## What you have to do
Only the pictures should be left out; repeat the rest of the data exactly.

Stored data

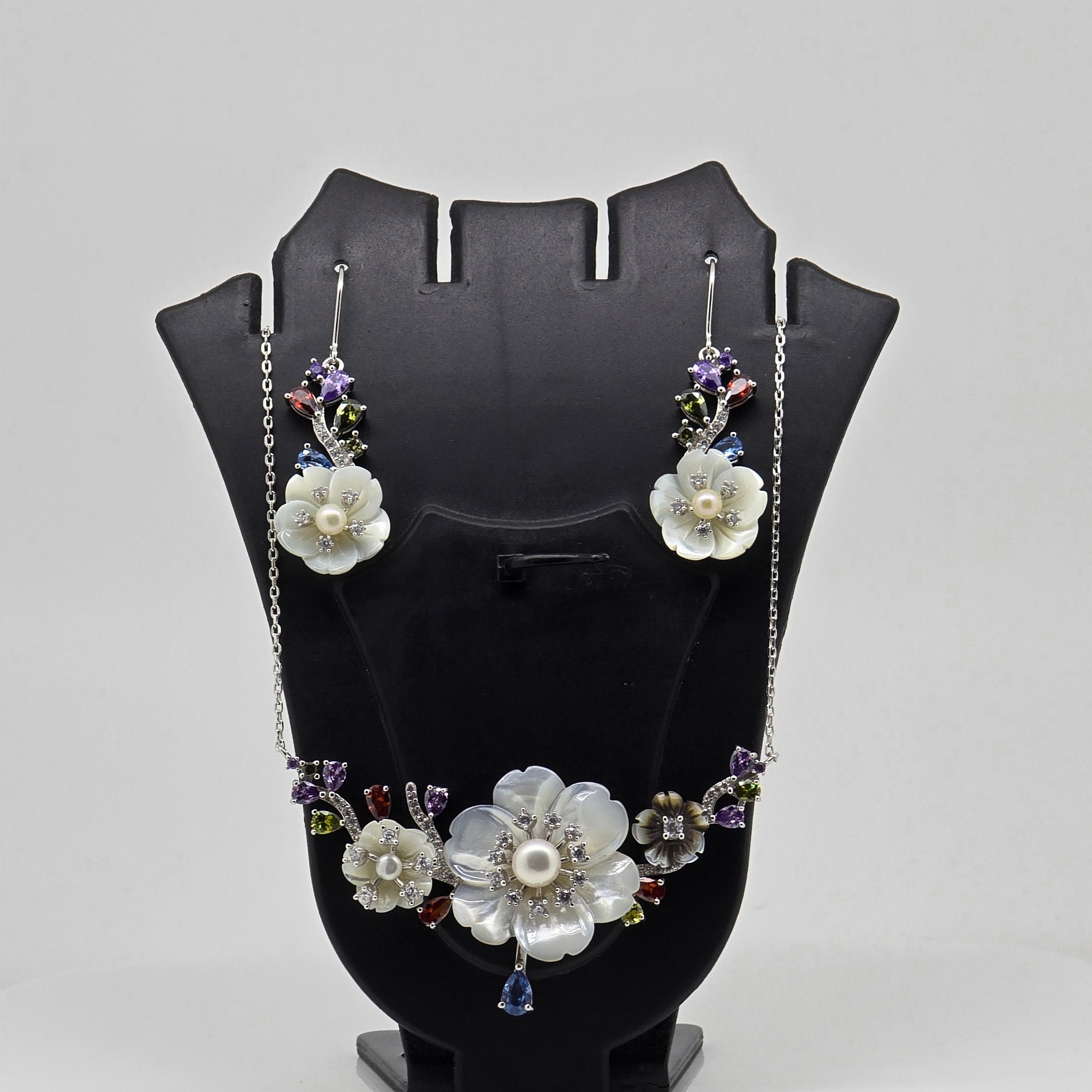 Silver MOP Flower Pendant Set 92.5
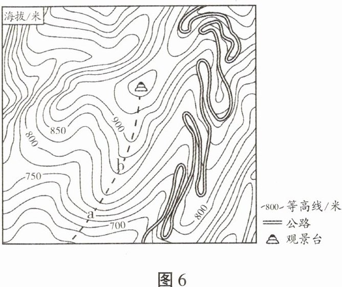 9. (2024·陕西中考)某中学地理小组到附近的森林公园开展“识别山体部位”的研学活动。图6为该区域等高线地形图。据此完成下列问题。
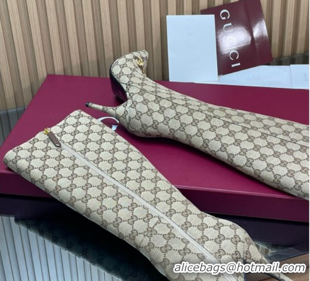 Low Cost Gucci GG Canvas Heel High Boots 10cm with Horsebit 835738 Beige 2026
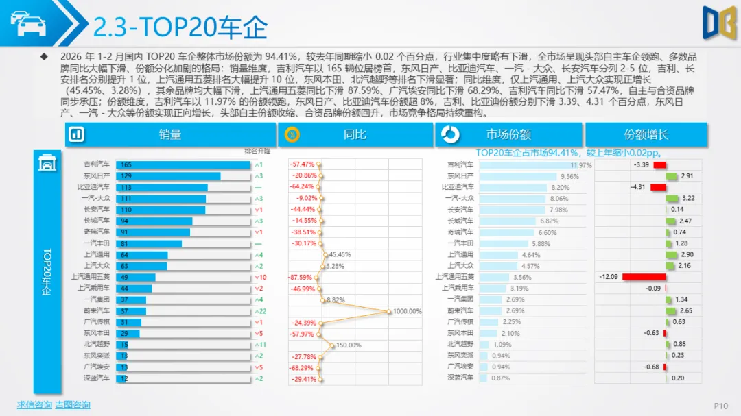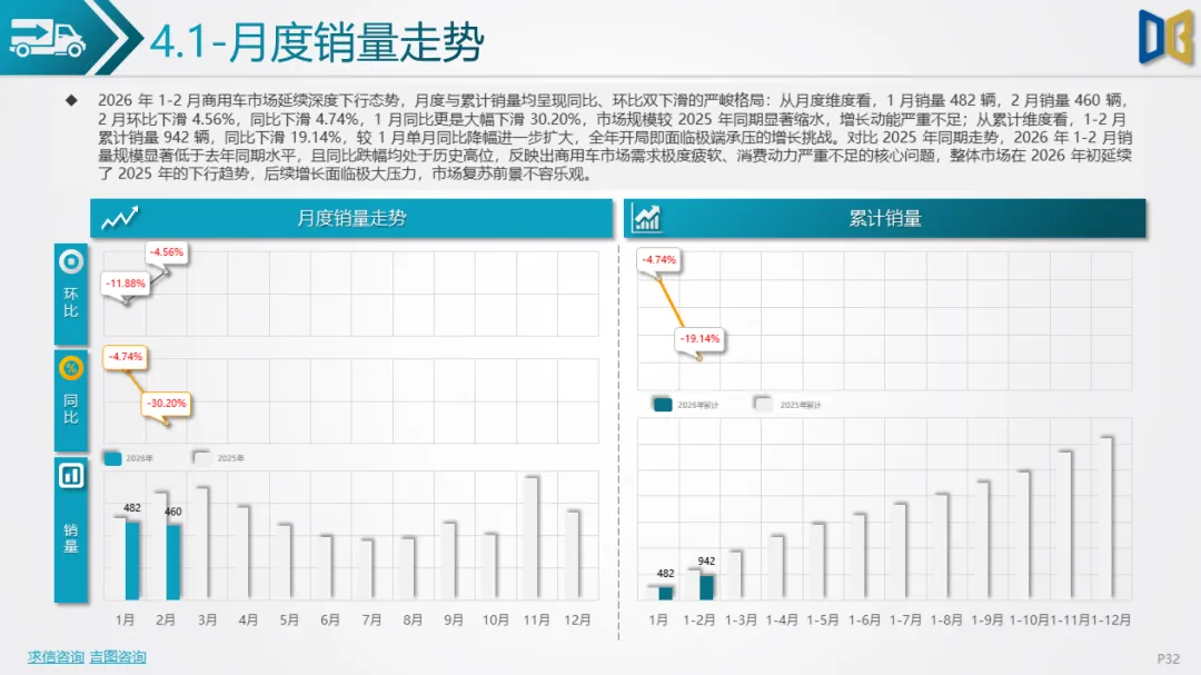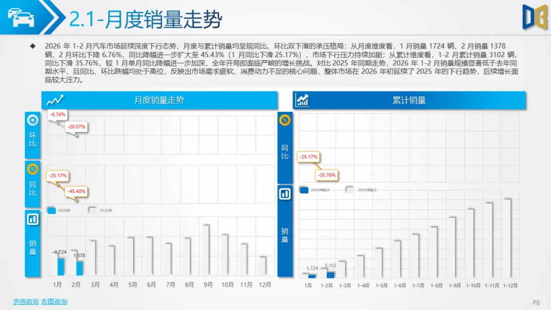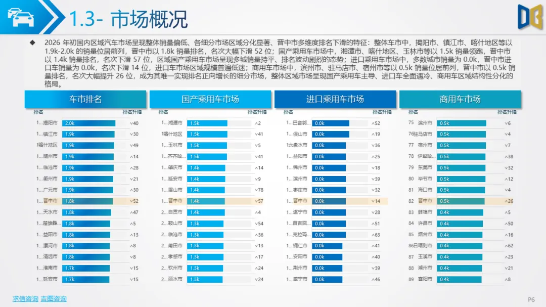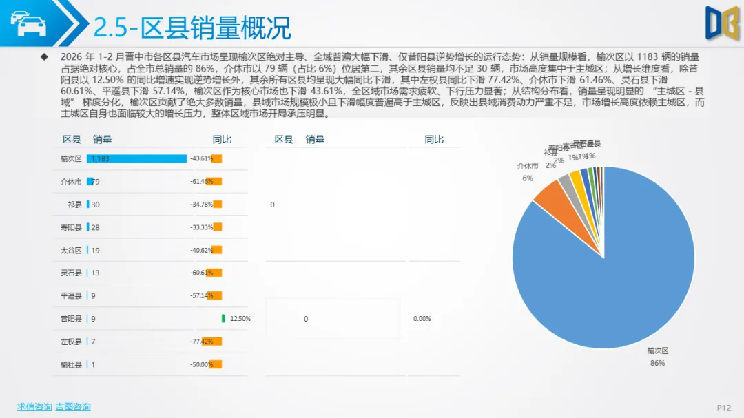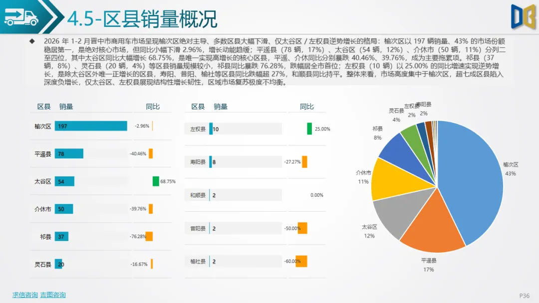 四、核心结论与趋势展望整体市场持续承压:三大板块均陷入深度负增长,消费动力严重不足,全年开局面临极端压力。结构分化加剧:市场向头部品牌、核心车型、大排量重卡高度集中,低端车型、非核心品类全面萎缩。新能源渗透缓慢:乘用车新能源占比停滞,进口车新能源缺位,仅商用车纯电实现小幅增长,新能源化进程滞后。区域复苏不均衡:商用车市场高度依赖榆次区,多数区县大幅下滑,仅少数区县展现增长韧性。
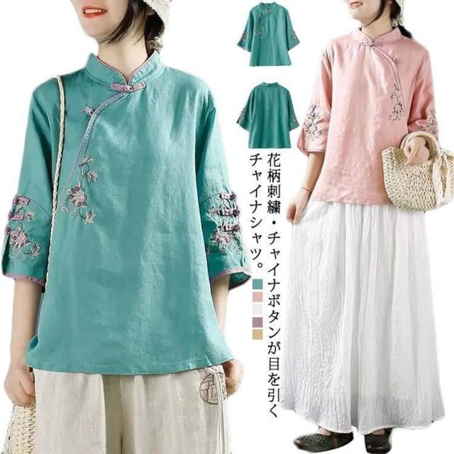リネンブラウス レディース 綿麻 リネン混 チャイナ風 花柄 刺繍 チャイナシャツ 薄手 七分袖 チャイナボタン 前開き トップス ブラウス プルオー
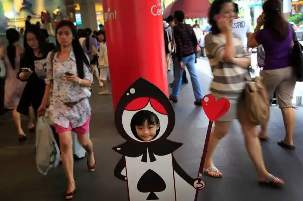 Девочка в костюме пикового валета стоит на оживленной улице в Сингапуре.
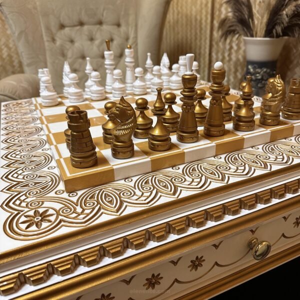 $2,480.00 – $2,906.00Price range: $2,480.00 through $2,906.00A wooden luxurious chess set: board with White & Gold color and a glossy shine. Two pull-out drawers with velvet – elegant and practical. 32 classic chess pieces.
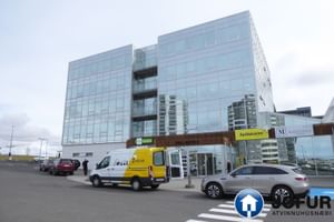 Nánari lýsing: Húsnæðið skiptist upp í opið skrifstofurými, 2 lokaðar skrifstofur, eitt stórt fundarherbergi, eldhús/ kaffistofu, geymslu og 2 snyrtingar með sturtuaðstöðu. Parket er á gólfum.
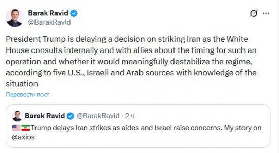 По его словам, Трамп откладывает принятие решения о возможных ударах по Ирану, чтобы провести дополнительные консультации в Белом доме и с союзниками.
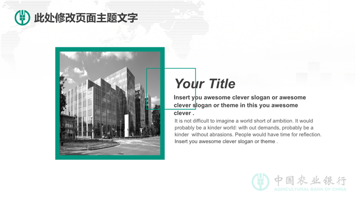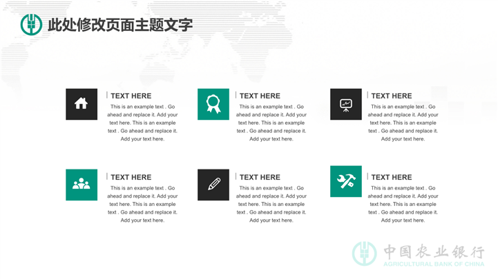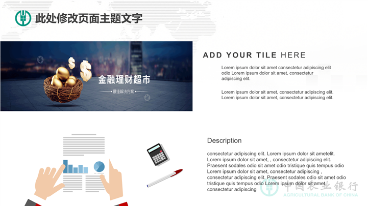 PPT简介: 农行系统中国农业银行总结汇报PPT模板适用于农业银行演示模板。本作品提供pptx格式文件下载,站长素材PPT大全提供精选的PPT模板素材。
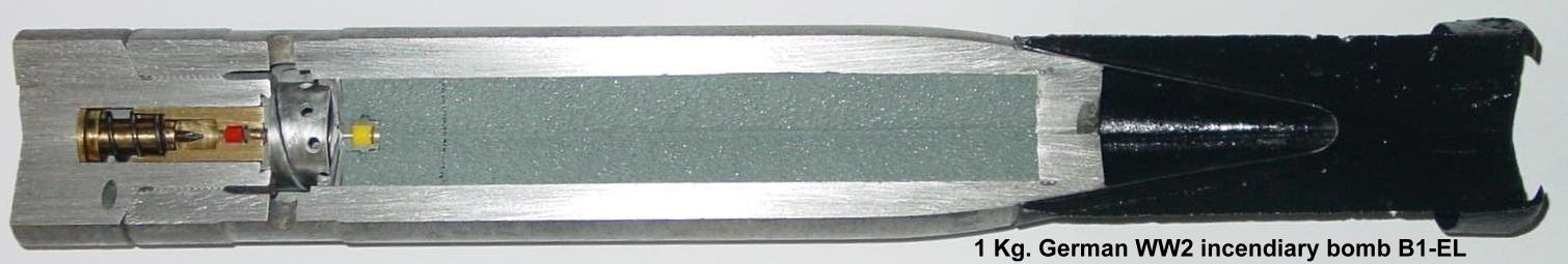 Saksa süütepomm.Lapikus otsas on sütik ja koonuselises otsas oli stabilisaator.Sisaldab termiiti. Võta kõne 112
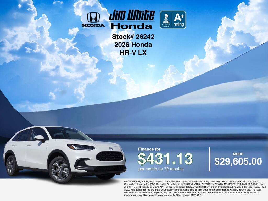 Our car payment calculator and estimator tools can help you understand these finance offers that leverage the benefits of Honda Financial Services, along with Honda vehicle incentives right now and current Honda HR-V LX specials. Additionally, we offer 10 other HR-V LX options for the best selection in Maumee. Call or drive in for Honda finance deals you can drive home today! Disclaimer: Disclaimer: Program eligibility based on credit approval. Not all customers will qualify. Must finance through American Honda Finance Corporation. Finance this 2026 Honda HR-V LX (Model RZ2H3TEW, VIN 3CZRZ2H35TM723667). MSRP $29,605.00 with $2,960.00 down at $431.13 for 72 months at 5.49% APR, on approved credit. Total payments: $31,041.36. $14.69 per $1,000 financed. Tax, title, license, and #DOCFEE dealer doc fee are extra. Offer assumes these paid at time of sale. Offer cannot be combined with any other offers. The rates described are for estimation purposes only; you may not be able to finance at this rate. Residential restrictions may apply. Available on in-stock units only. See dealer for complete details. Offer Expires: 01/05/2026.
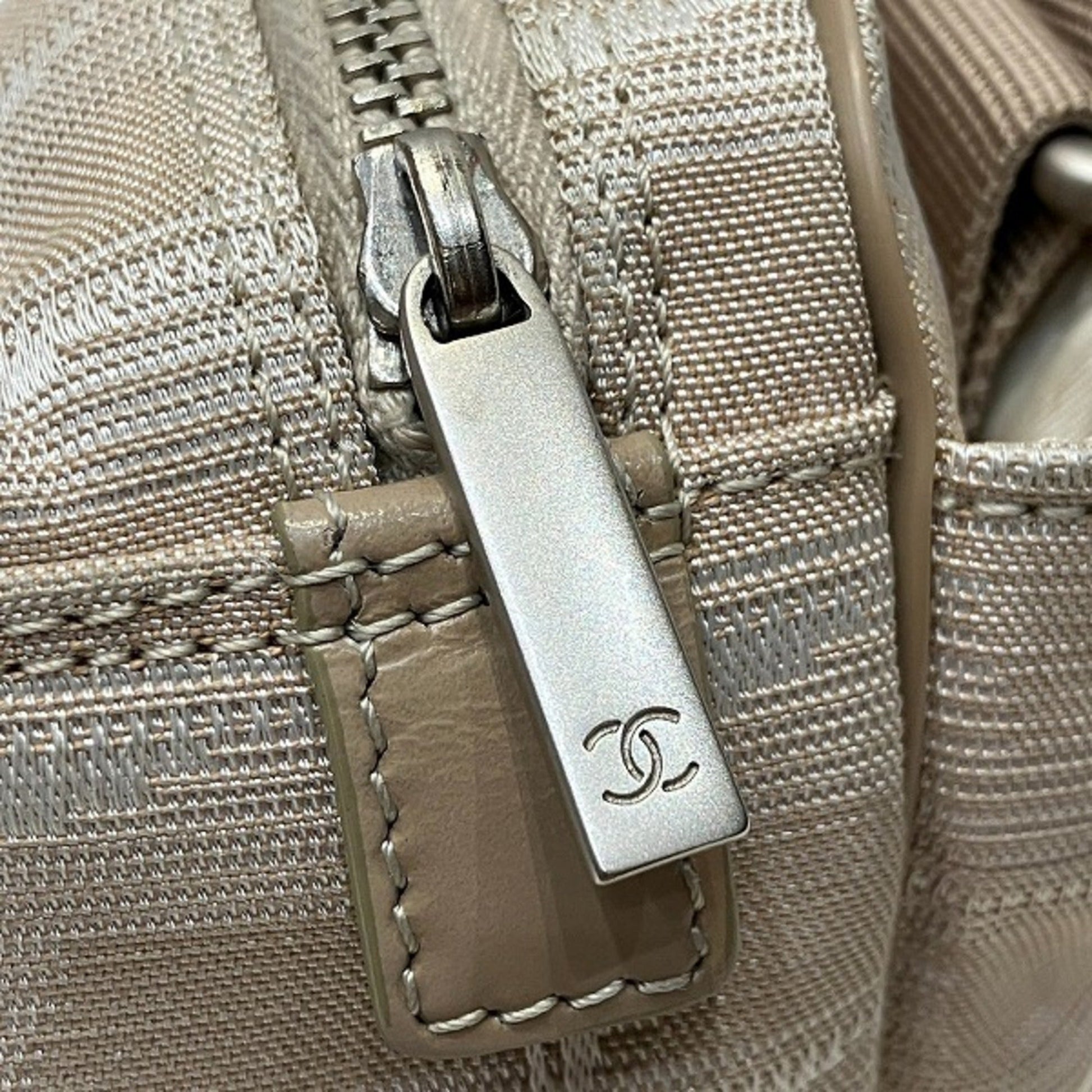 Brand: Chanel, Color: Beige, Material: Nylon canvas, Dimensions: 13cm x 22cm x 10cm / 5.11'' x 8.66'' x 3.93'', Condition: Rank AB. Rank AB Used - Traces of usage, scratches / dirt can be seen but generally in good condition. Before purchasing, please refer to the images for the exact condition of the item. Before purchasing, please refer to the images of the accessories included with the item. Damage Ranking: Slight

## The completed task
 Silver MOP Flower Pendant Set 92.5
 9. (2024·陕西中考)某中学地理小组到附近的森林公园开展“识别山体部位”的研学活动。图6为该区域等高线地形图。据此完成下列问题。
 Low Cost Gucci GG Canvas Heel High Boots 10cm with Horsebit 835738 Beige 2026
 四、核心结论与趋势展望整体市场持续承压:三大板块均陷入深度负增长,消费动力严重不足,全年开局面临极端压力。结构分化加剧:市场向头部品牌、核心车型、大排量重卡高度集中,低端车型、非核心品类全面萎缩。新能源渗透缓慢:乘用车新能源占比停滞,进口车新能源缺位,仅商用车纯电实现小幅增长,新能源化进程滞后。区域复苏不均衡:商用车市场高度依赖榆次区,多数区县大幅下滑,仅少数区县展现增长韧性。
リネンブラウス レディース 綿麻 リネン混 チャイナ風 花柄 刺繍 チャイナシャツ 薄手 七分袖 チャイナボタン 前開き トップス ブラウス プルオー
 Девочка в костюме пикового валета стоит на оживленной улице в Сингапуре.
 $2,480.00 – $2,906.00Price range: $2,480.00 through $2,906.00A wooden luxurious chess set: board with White & Gold color and a glossy shine. Two pull-out drawers with velvet – elegant and practical. 32 classic chess pieces.
 Nánari lýsing: Húsnæðið skiptist upp í opið skrifstofurými, 2 lokaðar skrifstofur, eitt stórt fundarherbergi, eldhús/ kaffistofu, geymslu og 2 snyrtingar með sturtuaðstöðu. Parket er á gólfum.
 По его словам, Трамп откладывает принятие решения о возможных ударах по Ирану, чтобы провести дополнительные консультации в Белом доме и с союзниками.
 PPT简介: 农行系统中国农业银行总结汇报PPT模板适用于农业银行演示模板。本作品提供pptx格式文件下载,站长素材PPT大全提供精选的PPT模板素材。
 Saksa süütepomm.Lapikus otsas on sütik ja koonuselises otsas oli stabilisaator.Sisaldab termiiti. Võta kõne 112
 Our car payment calculator and estimator tools can help you understand these finance offers that leverage the benefits of Honda Financial Services, along with Honda vehicle incentives right now and current Honda HR-V LX specials. Additionally, we offer 10 other HR-V LX options for the best selection in Maumee. Call or drive in for Honda finance deals you can drive home today! Disclaimer: Disclaimer: Program eligibility based on credit approval. Not all customers will qualify. Must finance through American Honda Finance Corporation. Finance this 2026 Honda HR-V LX (Model RZ2H3TEW, VIN 3CZRZ2H35TM723667). MSRP $29,605.00 with $2,960.00 down at $431.13 for 72 months at 5.49% APR, on approved credit. Total payments: $31,041.36. $14.69 per $1,000 financed. Tax, title, license, and #DOCFEE dealer doc fee are extra. Offer assumes these paid at time of sale. Offer cannot be combined with any other offers. The rates described are for estimation purposes only; you may not be able to finance at this rate. Residential restrictions may apply. Available on in-stock units only. See dealer for complete details. Offer Expires: 01/05/2026.
 Brand: Chanel, Color: Beige, Material: Nylon canvas, Dimensions: 13cm x 22cm x 10cm / 5.11'' x 8.66'' x 3.93'', Condition: Rank AB. Rank AB Used - Traces of usage, scratches / dirt can be seen but generally in good condition. Before purchasing, please refer to the images for the exact condition of the item. Before purchasing, please refer to the images of the accessories included with the item. Damage Ranking: Slight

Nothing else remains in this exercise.